I've heard washing your hair with head and shoulders is supposed to really face black hair dye..


----------



## Mabelle (Dec 7, 2009)

bleaching your hair once will not ruin your hair.


----------



## purple_pumpkin (Dec 7, 2009)

if they mix 6% hidrogen with shampoo, it won't ruin your hair.
But after that, don't color it the same day, leave it for a day or two (or more if you can wait, up to a week), and then color it with desired color.
If you color it the same day, you'll have to dye it again in a week, to get the desired color.
HTH


----------



## gildedangel (Dec 7, 2009)

Bleaching with a soap cap is not going to ruin your hair. Maybe if they did it ten times in the same day, but really once won't damage it significantly.


----------



## xsnowwhite (Dec 7, 2009)

yeah it won't do a whole lot of damage. i had one of those done but it was done incorrectly so i ended up with hot roots so definitely go to a salon.
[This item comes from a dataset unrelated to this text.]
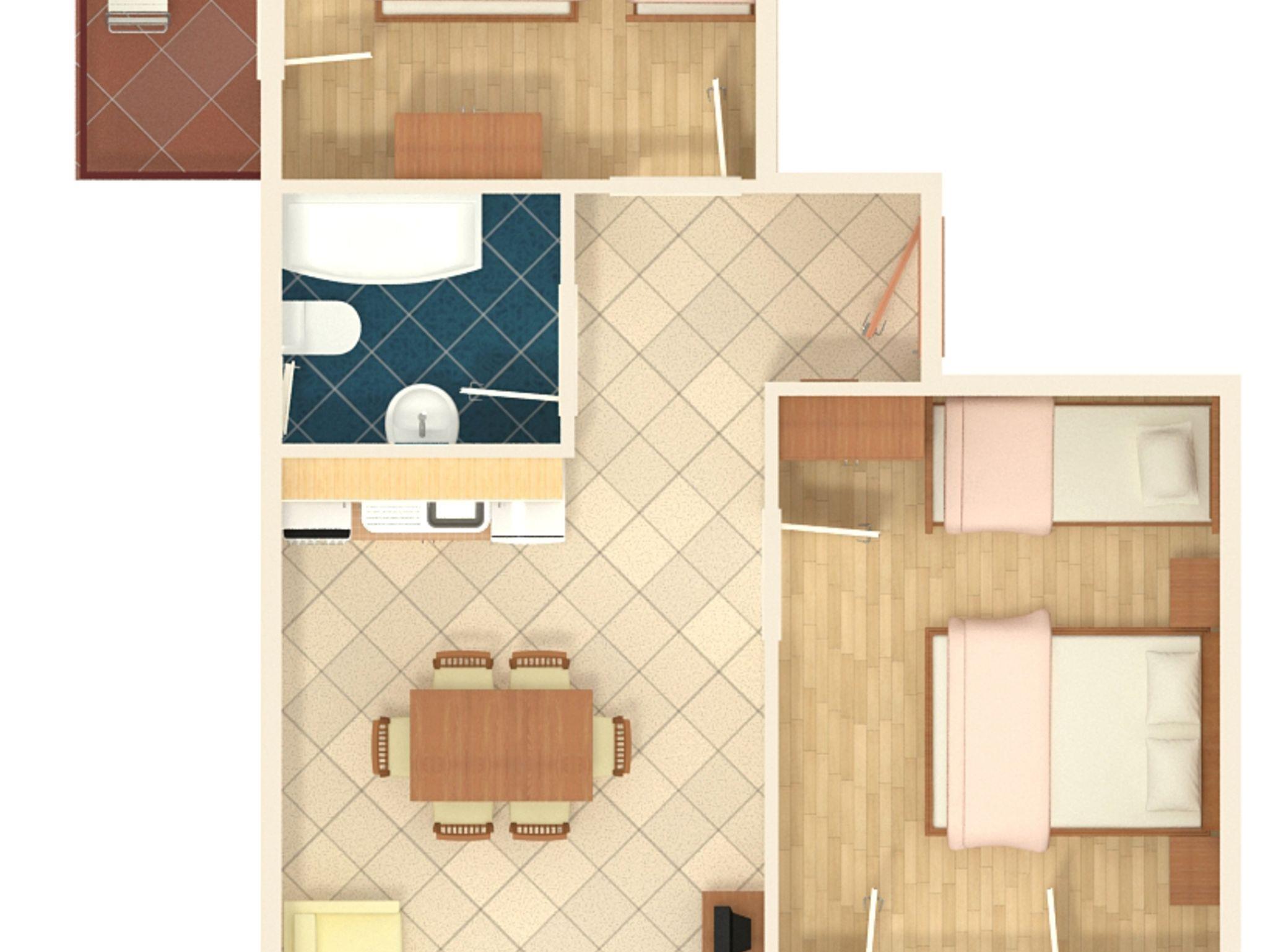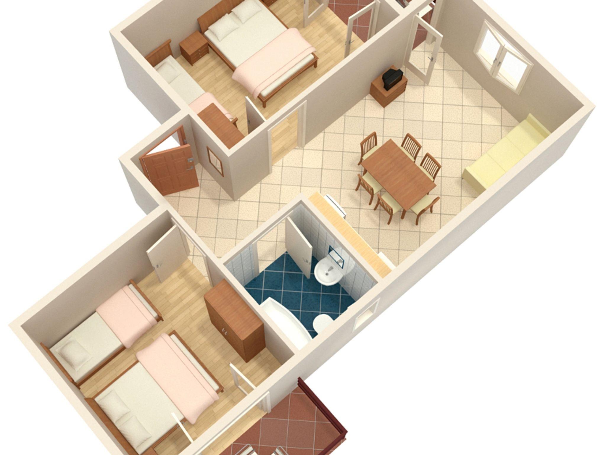 Ferienwohnung bietet Platz für 6 Gäste. Die Betten sind in Schlafzimmern, die es 2 gibt, innerhalb einer Gesamtfläche von 46m2, angeordnet. Die Gäste haben einen eigenen Balkon zur Verfügung, auf der sie in warmen Sommernächten genießen können. Das Apartment bietet Meerblick. Es ist erlaubt, Speisen auf dem Gemeinschafts-Grill vorzubereiten. Die reservierte Unterkunftseinheit verfügt über einen gemeinsame Terrasse. IM PREIS INBEGRIFFEN: Kurtaxe, Endreinigung, Klimatisierung, Parkplatz, Internet. VERBINDLICHE ZUSÄTZLICHE KOSTEN: Aufzahlung für Kurzaufenthalte (prozentualer Zuschlag pro Nächtigungsanzahl: 30% - 1, 20% - 2, 10% - 3). Die Verfügbarkeit zusätzlicher Dienstleistungen in Ihrem reservierten Termin und die Preise derselben (falls nicht aufgeführt) müssen im Voraus überprüft werden. Zusätzliche Dienstleistungen die in der Zahlungsaufforderung nicht aufgeführt sind werden direkt beim Vermieter bezahlt, angenommen der Gast nutzt auch diese.

Other than that I can't think of what could fade black dye, I tried just about everything and nothing lightened it except for the bleach w/ shampoo.


----------



## clslvr6spd (Dec 7, 2009)

The bleach bath wont be too damaging. I just don't understand why people don't color remove. Pravana makes a great remover, its what I use on clients and myself. Smells awful, but works. 
The smell will stick for a few hot showers, no worries about it after it dries, it wont smell! 
	

	
	
		
		

		
			




Its up to you and your stylist.


----------



## Dreamergirl3 (Dec 8, 2009)

That happened to me once although I dyed my own hair. I washed with Dawn dish soap quite often and it helped the color fade faster, but it won't fade a whole lot. Of course, you have to use a deep conditioner afterward and use other moisturizing products because Dawn is hell on hair.


----------



## MizzTropical (Dec 8, 2009)

Clairol Professional - Clairol Uncolor Permanent Color Remover

This stuff works! I had to use it on my sister after her stylist dyed her hair a dark fudgey shade and it just didn't look good. We had to re-dye it afterwards but it ended up back to a lighter brown like she wanted, and luckily her hair doesn't look damaged at all. Just pick up a really good deep conditioner if u decide to do it urself at home and let it sit in ur hair for 15-20mins right after u finish removing ur color.


----------